Maulana Bhutralwi is particularly suited for motivating suicidal operations. While he describes an ordinary death as an extremely painful experience, he likens martyrdom with the sting of an ant or a mosquito bite. He describes the meaning of life and death in the first chapter in these words: "Life means martyrdom which offers us a life better than the life in this world and death means worldly life which is a contemptible form of life in comparison with the life of martyrdom". So life means death and death means life. Alice's wonderland, I thought then, must have been situated between Islamabad and Rawalpindi — the route the Maulana traverses every morning between 7:00 and 8:00 to be able to reach his madrasa, Jama Rizwia, even before his pupils arrive.

But surely this won't be enough to motivate soldiers for such foolhardy ventures as Kargil. So they were given pamphlets of various Jehadi organisations telling them that the Kashmir campaign is even more sacred in the eyes of God than the campaigns at Badr or Uhud that the Prophet himself waged. How does one go about proving something as outrageous as this? The Holy Quran is immutable. It is so well-preserved that no one has been able to change even a coma or a vowel over the last 14 centuries. But interpolation is possible in the Sayings of the Prophet, the sacred Hadees. So Harkat-e-Jehad-e-Islami begins its brochure with an essay entitled "The importance of Jehad against India". It quotes Hazrat Abu Huraira as saying that "the Prophet promised me that if you die fighting Jehad against India, you would become Afzalul Shuhada, i.e., the greatest among all martyrs, and if you come back alive you will be assured of a place in Heaven no matter what else you do."

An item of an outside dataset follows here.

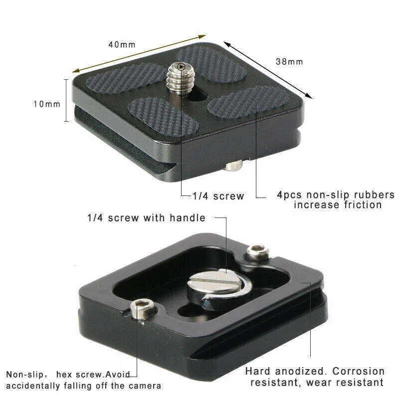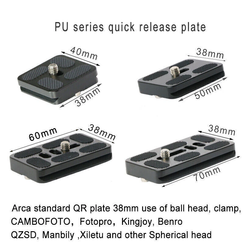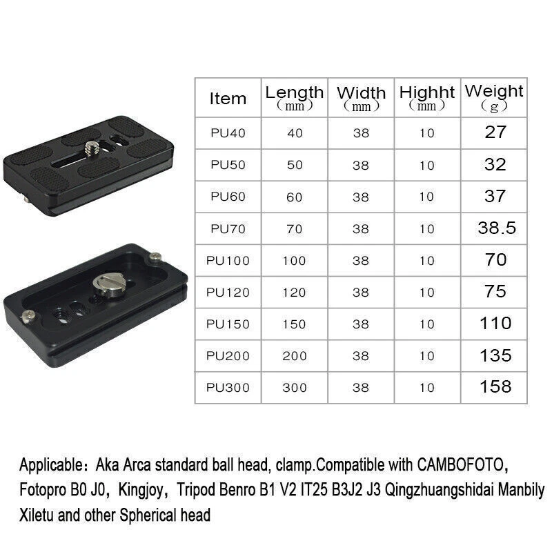 Product Description If you have any questions, please contact customer service first, do not open disputes easily, thank you! Feature: High quality,100% brand new Camera quick release plate for digital camera. Different size is available. Made of aluminum alloy material, the surface features anode anti-oxidation treatment. Use 1/4" screw wrench for easy installation. Specifications: Model: PU-25/40/50/60/70/100/120/150/200/300 Material: Aluminum Standard: Arca Swiss Color: Matt Black Technology: Anodic oxidation Camera screw: UNC1/4 ring screw Compatible With: Arca-Swiss standard quick release plates, including for Benro / Arca Swiss / Acratech / Kirk / Wimberley / Gitzo / Manfrotto, etc. Package included: 1 x Quick Release Plate 1 x Screw Payment We accept paypal payments and all payments authorized by eBay. Shipping 1.We ship to your eBay or Paypal address. Please make sure your eBay and Paypal address is correct before you pay. 2.Items will be shipped within 1-3 business day when we received payment. 3.Delivery time depends on destination and other factors; 4.International buyers please note: a.Import duties, taxes and charges are not included in the item price or shipping charges. These charges are buyer’s responsibility. We will try our best to reduce the risk of the custom duties. b.Please check with your country's customs office to determine what these additional costs will be prior to buying. Contact Us If there is any questions, just contact us via ebay message, we will answer within 24 hours and will definitely solve your problems. powered by On May 11, 2023 at 06:04:50 PDT, seller added the following information:

It is this concoction that is now being propagated by all Jehadi leaders like Maulana Masood Azhar or Hafiz Saeed in their fiery motivational speeches. There was no question of a Jehad being waged in the Prophet's time against far-flung India when the Arab world itself and its neighbourhood was full of enemies of Islam. From the very early days India has welcomed Islam and continues to be a haven for Islamists of all hue and colour. None of the thousands of rajas and maharajas who had to deal with Islam ever obstructed the propagation of this new ideology. India is one of the few non-Muslim majority countries that allows Muslims to conduct their life in accordance with Islamic personal laws. India is the biggest centre of Islamic literature in the world even after the Partition when Muslim-majority areas broke away to form Pakistan. No wonder, the Prophet said he had received a cool breeze from India. Allama Iqbal describes it beautifully:

Meer-e-Arab ko aaee thandi hawa jahan se;

Mera watan wohi hai, mera watan wohi hai.

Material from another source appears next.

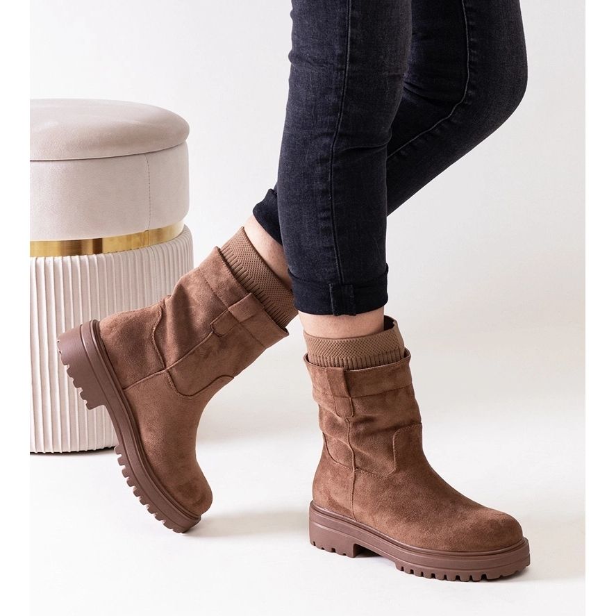 Inna marka Hnědé nazouvací kotníkové boty s ponožkou Ralia hnědý

There are only two references to India in the authoritative Hadees literature, i.e. Bukhari and Muslim. Both say more or less the same thing. Hazrat Umm-e-Qais bint-e-Mahsan says: "A woman came to the Prophet with her sick child. She was pressing the child's throat from two sides. The Prophet said: 'Why are you pressing the child's throat, increasing his pain. Use Indian incense (Ood-e-Hindi). It cures seven diseases including pleurisy." (Bukhari 7.616 and 7.596)

The concoctions and fabrications, however, go on. Jehad is big business. Mullahs will stop at nothing to provide cannon-fodder to the militant organisations originally spawned by Pakistan Army who may have now become a law unto themselves and are according to some recent reports engaging in Jehad against the will of their former military mentors. Indeed in some cases they are fighting the Pakistan Army and Pakistan Establishment itself.

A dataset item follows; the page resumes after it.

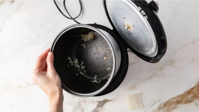 Membiarkan rice cooker aktif dalam mode penghangat terlalu lama juga bisa memicu bagian bawah nasi mengering dan menempel. Jika tidak langsung dimakan, matikan rice cooker dan biarkan nasi ditutup agar tetap lembap alami.

While Jehad is being largely waged in the Middle East and Pakistan-Afghanistan region, we in India cannot remain indifferent to the dangers of extremist brainswashing. Jehadi promotional literature is circulating in India as well. It is for the Muslims to beware of people who think nothing of putting false words in the mouth of the Prophet himself. It is for our ulema to tell us if suicide is the same as martyrdom. Is life indeed death and death life in Islam? It clearly is not. But we need to keep repeating this and letting our youth know the real facts until the present phase of extremist madness has subsided.